* [Your goal] Would you print all of the entries exactly, please, but without their pictures?

---*---

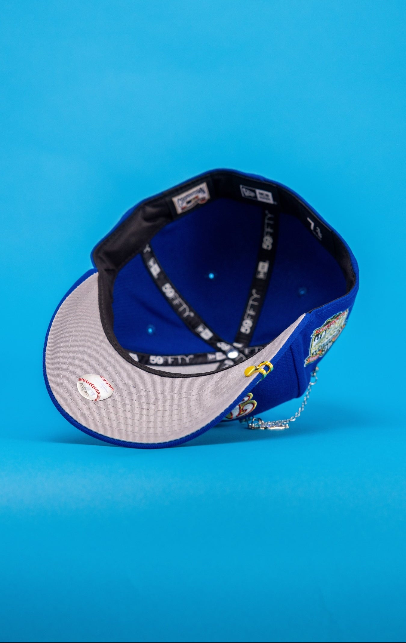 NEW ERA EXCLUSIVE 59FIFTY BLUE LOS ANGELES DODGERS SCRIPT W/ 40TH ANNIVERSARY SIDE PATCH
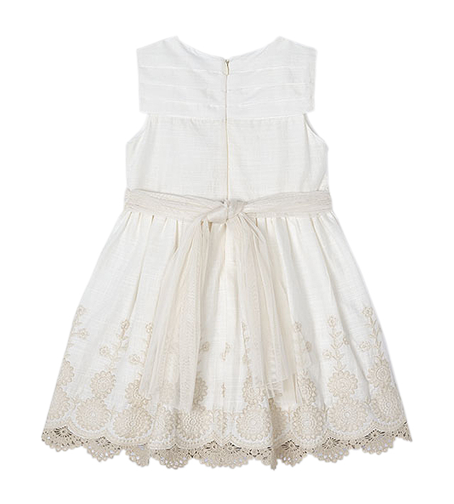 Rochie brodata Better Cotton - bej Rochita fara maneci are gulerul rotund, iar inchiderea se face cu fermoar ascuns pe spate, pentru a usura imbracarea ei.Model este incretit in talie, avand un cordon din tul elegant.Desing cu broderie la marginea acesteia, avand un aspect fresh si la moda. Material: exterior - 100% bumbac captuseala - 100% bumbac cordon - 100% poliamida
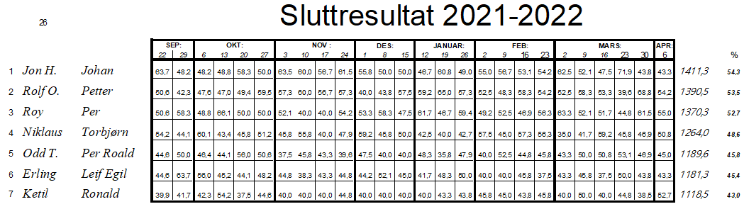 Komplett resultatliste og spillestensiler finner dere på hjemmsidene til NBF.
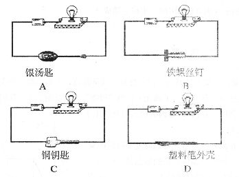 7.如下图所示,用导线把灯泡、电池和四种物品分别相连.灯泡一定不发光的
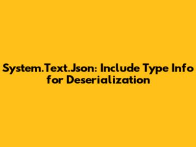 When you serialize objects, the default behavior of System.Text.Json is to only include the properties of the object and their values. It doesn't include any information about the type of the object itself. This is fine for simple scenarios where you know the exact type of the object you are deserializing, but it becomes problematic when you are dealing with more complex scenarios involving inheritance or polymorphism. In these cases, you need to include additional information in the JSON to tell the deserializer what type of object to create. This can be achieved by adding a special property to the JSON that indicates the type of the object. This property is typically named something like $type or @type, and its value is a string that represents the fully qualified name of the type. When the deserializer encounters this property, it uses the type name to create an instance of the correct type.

---*---

* [Reply]
 NEW ERA EXCLUSIVE 59FIFTY BLUE LOS ANGELES DODGERS SCRIPT W/ 40TH ANNIVERSARY SIDE PATCH
 Rochie brodata Better Cotton - bej Rochita fara maneci are gulerul rotund, iar inchiderea se face cu fermoar ascuns pe spate, pentru a usura imbracarea ei.Model este incretit in talie, avand un cordon din tul elegant.Desing cu broderie la marginea acesteia, avand un aspect fresh si la moda. Material: exterior - 100% bumbac captuseala - 100% bumbac cordon - 100% poliamida
 Komplett resultatliste og spillestensiler finner dere på hjemmsidene til NBF.
 7.如下图所示,用导线把灯泡、电池和四种物品分别相连.灯泡一定不发光的
 When you serialize objects, the default behavior of System.Text.Json is to only include the properties of the object and their values. It doesn't include any information about the type of the object itself. This is fine for simple scenarios where you know the exact type of the object you are deserializing, but it becomes problematic when you are dealing with more complex scenarios involving inheritance or polymorphism. In these cases, you need to include additional information in the JSON to tell the deserializer what type of object to create. This can be achieved by adding a special property to the JSON that indicates the type of the object. This property is typically named something like $type or @type, and its value is a string that represents the fully qualified name of the type. When the deserializer encounters this property, it uses the type name to create an instance of the correct type.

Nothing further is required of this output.